Moreover, being a lawyer at a large firm is a high-stress endeavor. Even small mistakes can have significant implications and, as a result, tensions can run high. And of course, because excellence is expected, partners are unlikely to give much positive feedback for a job well done; instead, the reward for good work is more work.
It doesn’t get much better when I venture outside my office. Lawyers are often the butt of jokes, and society, in general, has little regard for my profession. In fact, 34% of Americans say that “lawyers contribute little to nothing to society“?
I do not share this to complain or to engender any sympathy. I’m well compensated for my work and am grateful for the opportunity to work at my firm. My point is simply that the position of “associate” at a major law firm is generally regarded as a very difficult job. With that said, I make the following observation with great confidence: my wife’s job is harder.

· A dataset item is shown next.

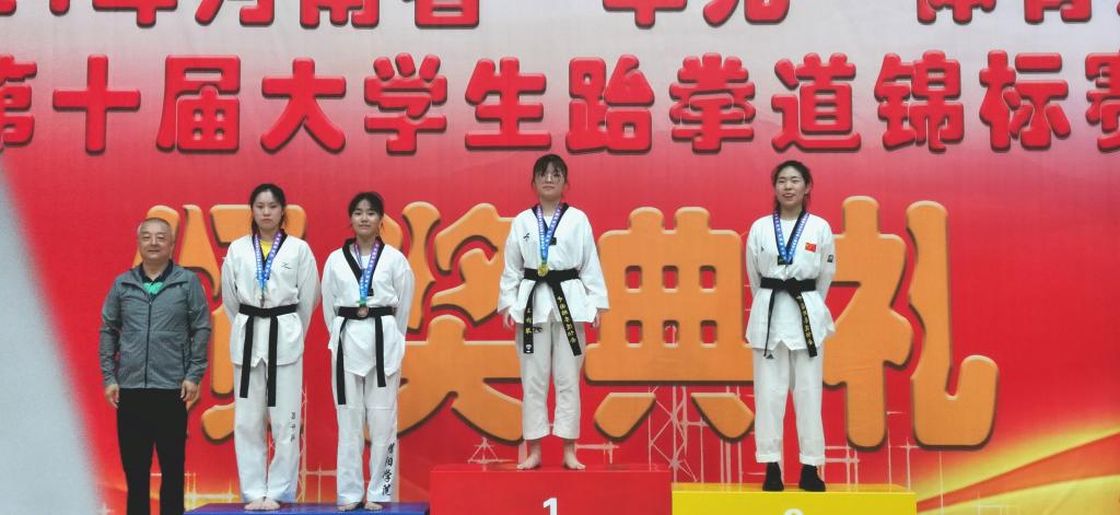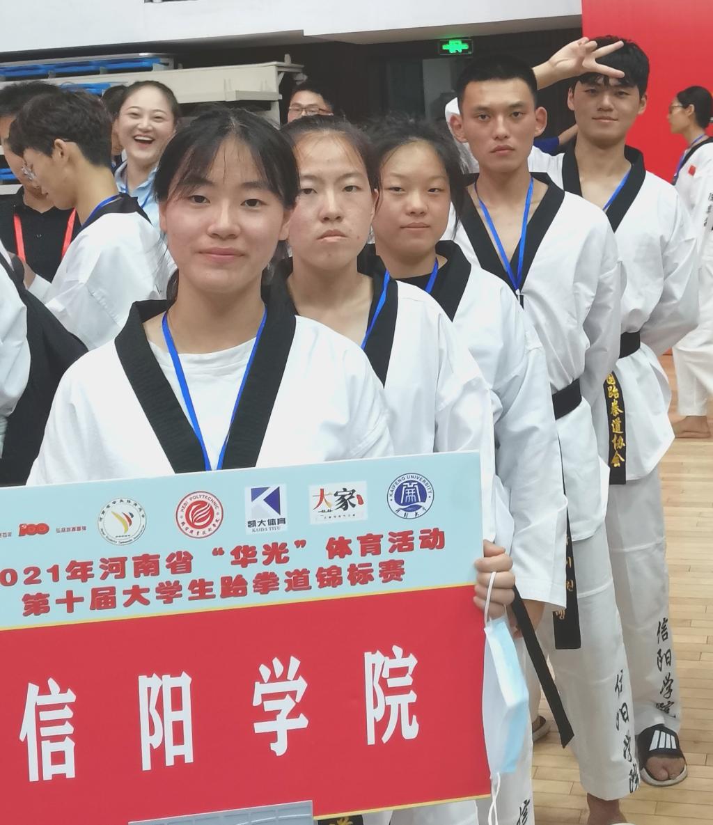 7月20日,河南省教育厅、河南省学生体育总会跆拳道协会主办的河南省“华光”体育活动第十届大学生跆拳道锦标赛,在鹤壁职业技术学院千鹤之舞体育馆闭幕。我校跆拳道队首次参加此项赛事,经过5位学生的顽强拼搏,最终我校跆拳道共获得1金1银3铜的佳绩,其中,金亚宣勇夺本科甲组女子远度击破第一名、个人竞技53kg第三名、个人品势第三名,王一勇夺本科甲组女子高度击破第二名,王一、金亚宣、刘赛亚勇夺女子团体竞技第三名的成绩,周翔宇和杜博远分别获得男子个人品势第四名和第五名的成绩。

My wife is self-employed. She has only two clients to respond to, sets her own hours, has no dress code to follow, and primarily works from home. Stated differently, she has two demanding, needy, and childish clients, is on call 24-7, is so busy she doesn’t even have time to shower some days, and is essentially a prisoner in her own home.
The astute reader has deduced her occupation: My wife is a stay-at-home mother (“SAHM”).
In our society, it seems that being a SAHM is frequently misunderstood. SAHMs are often asked if they “just” stay home with their kids and, if so, how do they fill their days? They are asked if they look forward to “going back to work,” or if they miss having a job. Others (often singles or married women who don’t have children) express their longing for the day when they can stay home with their kids, rhapsodizing about the glory of motherhood and peppering SAHMs with questions about the glorious existence that must be the life of a SAHM. In other words, our society seems to have concluded that SAHMs are either
- On a sabbatical of sorts from the real world, treading water in some sort of slow-moving existence featuring too much free time and not enough significance; or
- Living an idyllic life, consisting of snuggling and playing with soft cuddly babies, participating in fun-filled play dates with other moms and babies, and having plenty of time to engage in fulfilling hobbies and friendships.
With these two polar opposite characterizations of SAHMs, I imagine most young mothers feel either an overwhelming sense of insignificance, because the first assumption paints them as unmotivated or unqualified members of society, or a deep sense of personal failure, if their experience as a mother fails to resemble the blissful scenario described by the second assumption. It’s a bit surprising these views don’t drive young mothers to an institution! And that is just the external pressure and misunderstanding a SAHM may face from family, friends, (obnoxious) strangers, and the media. There is still the actual work of motherhood to contend with.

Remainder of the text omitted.